• _Directions_: Each record below is to be output unchanged, and any picture is to be dropped.

----------------------------------------

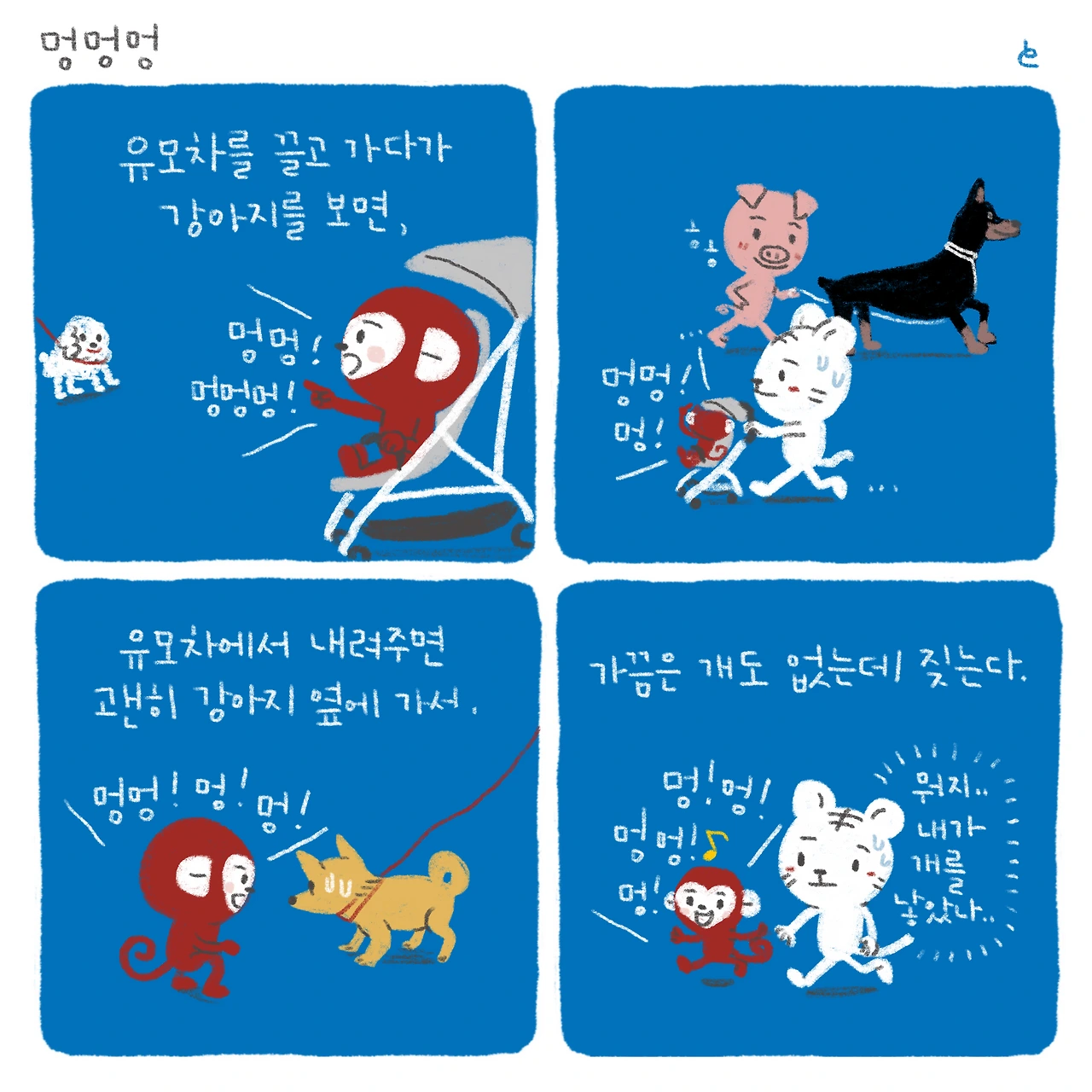 소띠 아빠, 호랑이띠 엄마, 원숭이띠 딸, 돼지띠 아들. 소소한 육아와 일상 이야기를 그리고 있습니다.
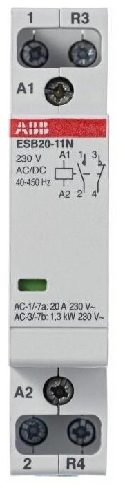Отзывы на 1SBE121111R0611 Контактор ESB20-11N-06 модульный (20А АС-1, 1НО+1НЗ), катушка 230В AC/DC
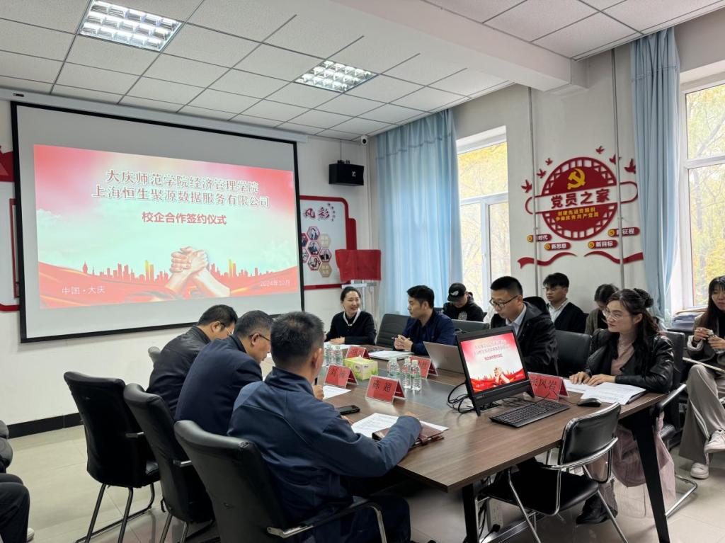 2024年10月16日15点,英国上市公司365与上海恒生聚源数据服务有限公司的校企合作签约仪式在五教203会议室举行,会议由英国上市公司365经济与金融系系主任王植荔副教授主持。
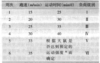 注:*,預(yù)定的運動強度是指:①大鼠連續(xù)10秒停在跑臺后1/3,聲電刺激仍止步不能向前;②大鼠連續(xù)3次臀部碰到籠具后壁并出現(xiàn)神情疲倦、腹垂位、垂頭、眼充血、呼吸急促、目光遲鈍、尾尖下垂等
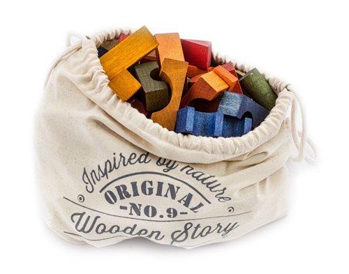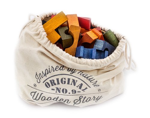 Our toys improve senses, they are soft to the touch, they catch your eye with natural colours and they smell of wood. With wooden blocks you can conjure the most amazing buildings. Freedom in creation stimulates inventiveness, awakes imagination. This blocks set comes in cotton sack, to give joy when playing and please the eye as the original decorative element of the interior. Made from a selection of wood that comes from FSC certified suppliers. Natural , eco-certified pigments. Finished with beeswax and botanical oils, sanded perfectly smooth, soft to the touch. Free of harmful chemicals. Product eco.Made in the Beskidy Mountains, Poland. From 3 years & up.
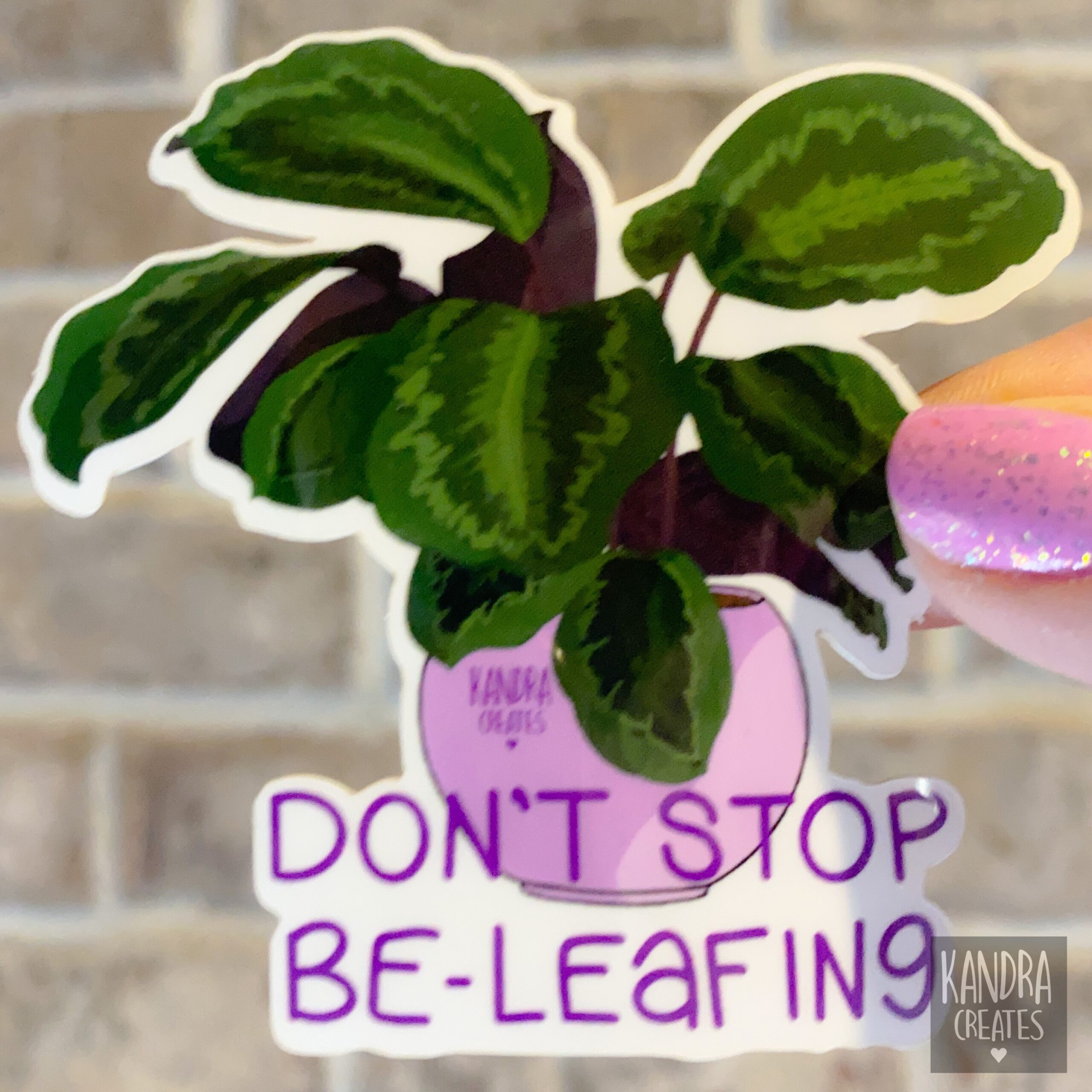 This sticker of a Calathea plant, also known as a prayer plant reminds you to don’t stop be-leafing! This weatherproof and waterproof vinyl sticker has a glossy finish and features a Calathea plant with the pun “Don’t Stop Be-Leafing”.

----------------------------------------

• _Output below_:
 소띠 아빠, 호랑이띠 엄마, 원숭이띠 딸, 돼지띠 아들. 소소한 육아와 일상 이야기를 그리고 있습니다.
Отзывы на 1SBE121111R0611 Контактор ESB20-11N-06 модульный (20А АС-1, 1НО+1НЗ), катушка 230В AC/DC
 2024年10月16日15点,英国上市公司365与上海恒生聚源数据服务有限公司的校企合作签约仪式在五教203会议室举行,会议由英国上市公司365经济与金融系系主任王植荔副教授主持。
 注:*,預(yù)定的運動強度是指:①大鼠連續(xù)10秒停在跑臺后1/3,聲電刺激仍止步不能向前;②大鼠連續(xù)3次臀部碰到籠具后壁并出現(xiàn)神情疲倦、腹垂位、垂頭、眼充血、呼吸急促、目光遲鈍、尾尖下垂等
 Our toys improve senses, they are soft to the touch, they catch your eye with natural colours and they smell of wood. With wooden blocks you can conjure the most amazing buildings. Freedom in creation stimulates inventiveness, awakes imagination. This blocks set comes in cotton sack, to give joy when playing and please the eye as the original decorative element of the interior. Made from a selection of wood that comes from FSC certified suppliers. Natural , eco-certified pigments. Finished with beeswax and botanical oils, sanded perfectly smooth, soft to the touch. Free of harmful chemicals. Product eco.Made in the Beskidy Mountains, Poland. From 3 years & up.
 This sticker of a Calathea plant, also known as a prayer plant reminds you to don’t stop be-leafing! This weatherproof and waterproof vinyl sticker has a glossy finish and features a Calathea plant with the pun “Don’t Stop Be-Leafing”.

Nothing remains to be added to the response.